The Secret Hidden Within




It's been a while..


I don't know why I'm here again. Maybe because I feel like I need a place to write something. 
About everything -- that I could never tell people in person.

It's been quite hard for me.
to stay as who I am.
to be what I actually want to.
to exactly understand what I am.
to control myself.

I'm sorry,
that I've been so bad, insane and desperately dying.

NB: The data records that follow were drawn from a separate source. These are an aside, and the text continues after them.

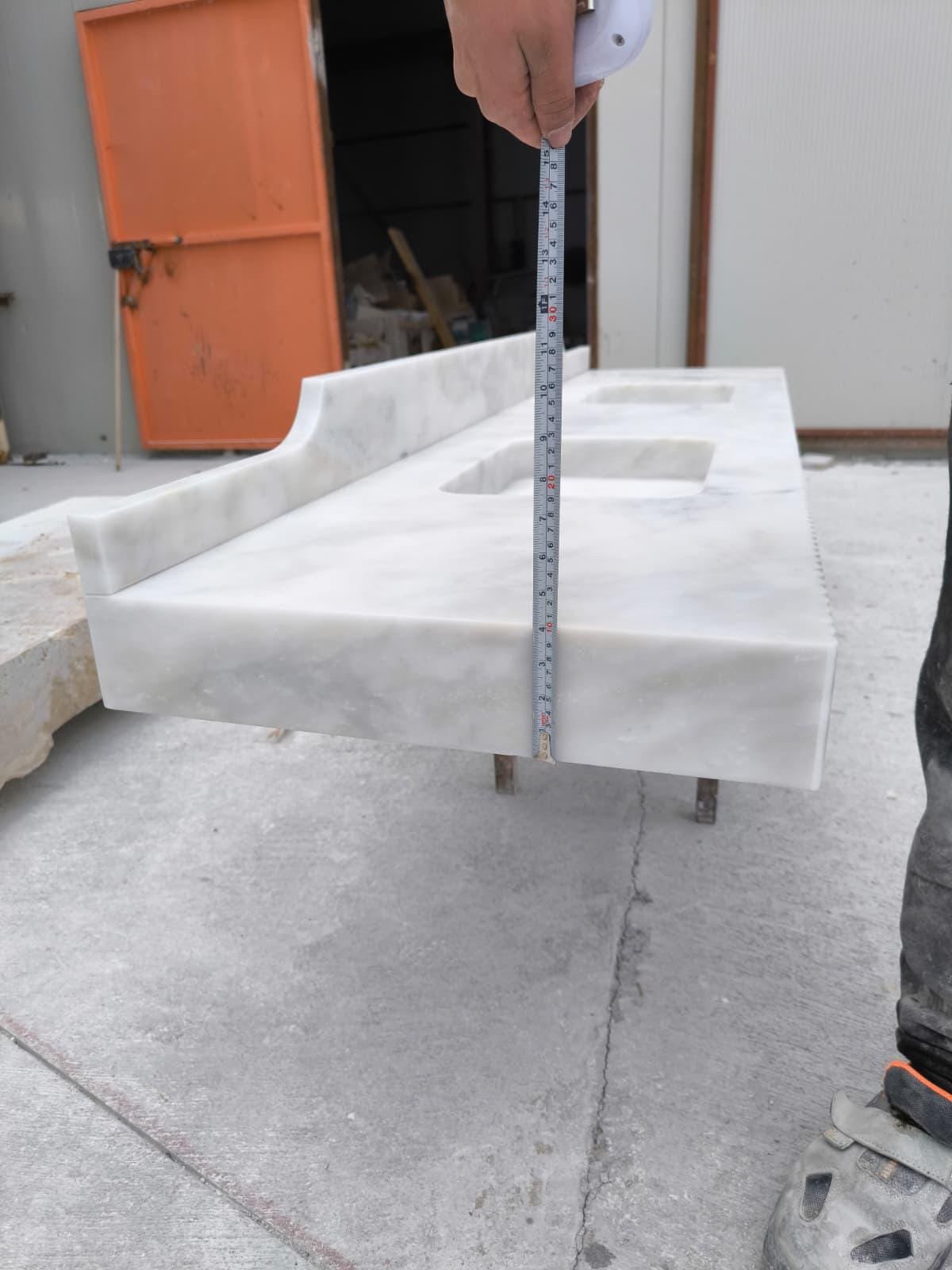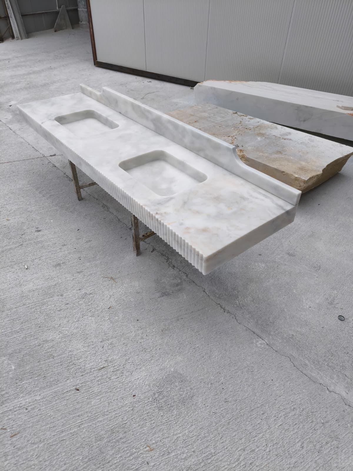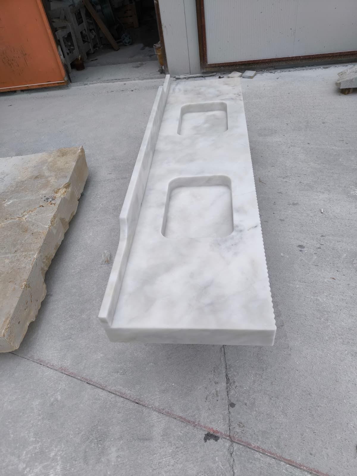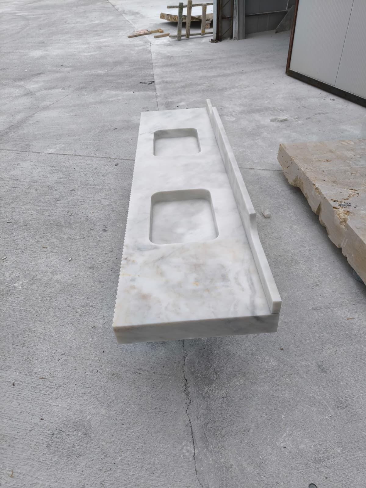 Bring timeless elegance to your bathroom with this Turkish Sugar marble sink, handcrafted from premium white and gold-veined marble. Designed with a double basin layout and an integrated backsplash, this luxury vanity top offers both beauty and functionality for modern and classic interiors.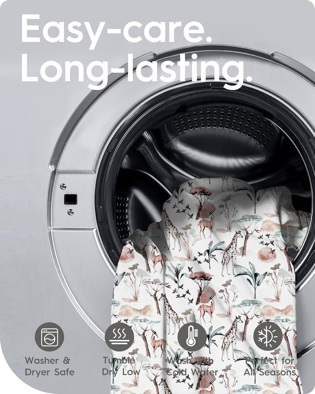 - WASH DURABLE & EASY-CARE: Made with high quality and durable fabric, our baby changing table covers can be easily cleaned to ensure a safe and hygienic sleeping environment for your little one. To care for these sheets, simply machine wash them in cold water on a gentle cycle and tumble dry on low heat. They won't fray, fade, or shrink, even through multiple washes, so you can trust that they'll continue to provide a comfortable and safe sleeping environment for your baby.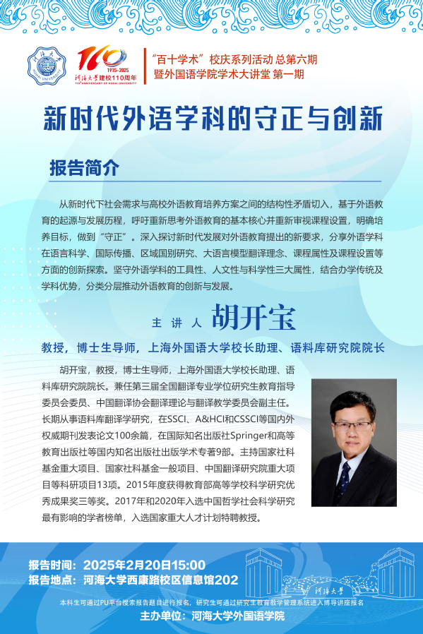 “百十学术”系列活动第6期——胡开宝教授:中国特色大国外交话语数据库综合平台的建设与应用研究

it's been years that I had a time like this,
and to get people really understand about what is really going on in my head,
it's not that fucking easy.

IT'S FUCKING HARD 
because they don't want to accept it.
they accuse me for it.
they think that I made all this up.

but, hey.. what's the point for that?

I just need some respect and everyone to understand.



that's all.


wiltedrose.s xx

Nothing matter.

Bismillahirrahmanirrahim







Every day I wake up with a dream 
to be happy and 
smile in every way


Everyday I wake up with a dream
to make people happy and
make them smile in every way


Even sometimes
I should harbored all my feelings
from everyone and even from -- my pets


They don't have to know
They don't have to notice
my feelings everyday


because they don't want to
and not even care


--
because between me and you
nothing matters anymore

You were my world.

Bismillahirrahmanirrahim



I was your dream, you were my world

But now everything ruined


I'll take all our memories,
and I'll never look back.


Whenever my mind flashback all memories,
I'll scream out up on the mountain.

Hope I'll never remember it again.

--

I'll burn the past,
and you'll never know.


Whenever you passing by,
I'll run away further till the end of the world.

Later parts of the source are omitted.